第194章

3个月前 作者: 苏墨的鱼
    这时,得到消息的金锁也在丫鬟的陪伴下来到前厅。她一眼便看到了福伦脸上那无法掩饰的凝重与困惑,心中顿时“咯噔”一下。


    ‘果然有变故!’她立刻意识到。按照常理,皇帝得知流落民间的女儿前来认亲,即便不完全相信,也应是震惊、探究居多,福伦归来即便不是喜形于色,也不该是如此忧心忡忡的模样。


    这只能说明,皇帝那边出现了她未曾预料到的状况,而且,是对她不利的状况!


    她面上不动声色,依旧保持着温婉沉静,上前盈盈一礼:“福大人,福晋。”目光带着恰到好处的询问看向福伦。


    福伦看着眼前这位清丽脱俗、眼神清澈的姑娘,实在难以将她与“欺君罔上”联系起来,但皇上的态度又让他不得不心生警惕。

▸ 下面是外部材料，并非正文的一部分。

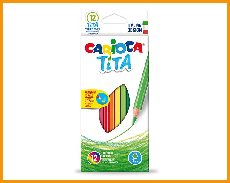 Puuvapaan CARIOCA Tita -värikynän kuusikulmainen runko on valmistettu synteettisestä hartsimateriaalista, joka kestää erinomaisesti putoamista ja pureskelua. Pehmeällä lyijyllä saa aikaan voimakkaat värit, ja kynä on helppo teroittaa.Lyijyn paksuus: 3 mm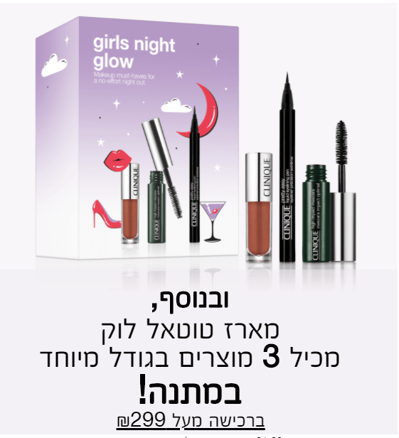 מגוון המייק-אפים של קליניק ב – 115 ש"ח בלבד! לצפיה לחצו כאן >>

    他勉强挤出一丝笑容,语气却难掩沉重:“夏姑娘,皇上……已下旨,命你即刻随老夫入宫觐见。”


    金锁心中电转,面上却露出恰到好处的惊讶、忐忑与一丝期盼:“现在?入宫?”


    她微微握紧了袖中的手,显示出内心的紧张,“福大人,皇上他……可是相信了紫薇的话?”


    福伦避重就轻,安抚道:“姑娘不必过于紧张,皇上只是……想亲自见一见你。你只需如实回话便可。”


    他无法说出皇帝的怀疑,只能如此交代。


    金锁点了点头,心中却已警铃大作。


    她知道,真正的考验,或许才刚刚开始,而且一开局,就似乎偏离了她预想的轨道。


    她必须打起十二分的精神,去面对那位手握生杀予夺大权、并且显然对她抱有疑心的“皇阿玛”了。


    “是,紫薇明白了。有劳福大人引路。”


    她深吸一口气,压下心中的波澜,眼神重新变得坚定而平静。无论前方是龙潭还是虎穴,她都只能前行。


    第11章金锁11


    紫禁城,宫道深深,朱墙高耸。金锁低跟在福伦身后,步履沉稳,心中却如擂战鼓。


    穿过一道道戒备森严的宫门,每一步都仿佛踏在命运的弦上。


    那巍峨的殿宇,肃穆的气氛,无处不在的皇家威仪,都让她清晰地意识到,这里是与外界截然不同的天地,一言一行,皆可定生死。


    终于,他们来到了御书房外。通报之后,厚重的殿门被内侍缓缓推开,一股混合着龙涎香与陈年书卷的气息扑面而来。金锁深吸一口气,随着福伦迈过高高的门槛,步入这帝国权力的核心所在。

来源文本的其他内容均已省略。